Sur scène, une grue, des poulies, un tapis roulant géant. Des adultes sont téléportés par la grue sur la scène, d’autres débarquent des coulisses avec des enfants dans les bras : une société se forme, funestement vêtue de noir, dominée et malmenée par cet univers mécanique et obscur. Les enfants, eux, sont endormis et opposent leur force d’inertie aux tentatives des adultes pour les ranimer, les animer, leur impulser un mouvement.
Traversé par les questions d’apprentissage et de transmission, Charmatz semble avoir choisi d’aborder son sujet sous cet angle. Quelle place pour chacun, quel rôle reste dévolu aux adultes face aux enfants ? Rapidement, un sentiment de confusion s’installe, qui confine au malaise, devant l’évidence de l’absence de dessein des membres adultes de cette société à l’endroit de leur progéniture. Les adultes s’épuisent dans une course incessante, s’agitent dans le plus grand désordre, pantins désarticulés qui se passent les enfants à tour de bras, sans rien leur communiquer d’autre qu’une tendresse fugace, non dénuée d’ambiguïté.
Puis entre en scène un joueur de cornemuse, lui aussi quelque peu déboussolé, mais qui finit par imposer la stridence éperdue de son instrument. Tente-t-il de dompter le chaos pour remettre un peu d’ordre dans cette société à la fois grave et sans repère ? Se rêve-t-il en cousin du joueur de flûte de Hamelin que tous n’auraient plus qu’à suivre les yeux fermés ? S’il semble y parvenir un temps, son emprise est de courte de durée. Les adultes sont déchaînés, arrachant chaussures et chemises, retombant même en enfance pour certains, entre cour de récréation et caprices mal maîtrisés.

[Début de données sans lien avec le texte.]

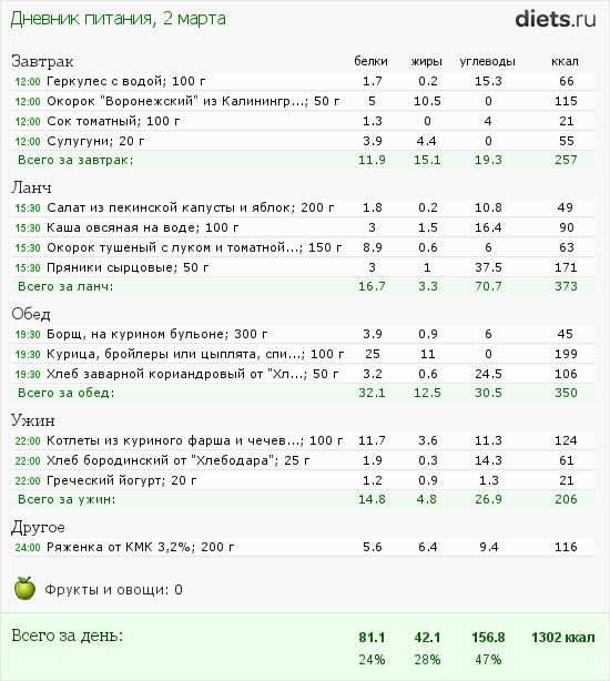 А я сегодня даже считать не стала- ходили в лес на празднование Масленицы, ела свли блинчики с начинкой- спасибо статье Парад начинок здесь с сайта- любимые мужчины очень заценили мои блинчики.. А с завтра снова начну путь к себе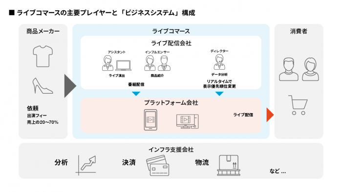 これはライブコマースビジネスの仕組みを図式化したものです。プラットフォームを活用することで、比較的簡単にライブコマースに参入できます。

Pour finir, les adultes tombent – d’épuisement ? – inertes à leur tour, laissant le champ libre aux enfants, que leur absence ne déboussole pas plus que leur présence brouillonne. Des enfants mus du même sentiment de responsabilité que les « anciens », de la même volonté de lutter contre l’inertie. Impuissants, il ne leur reste plus qu’à démontrer leur formidable énergie, petits êtres à l’innocence perdue mais qui n’en demeurent pas moins les formidables forces vives de demain.
Visuel : courtesy Boris Brussey.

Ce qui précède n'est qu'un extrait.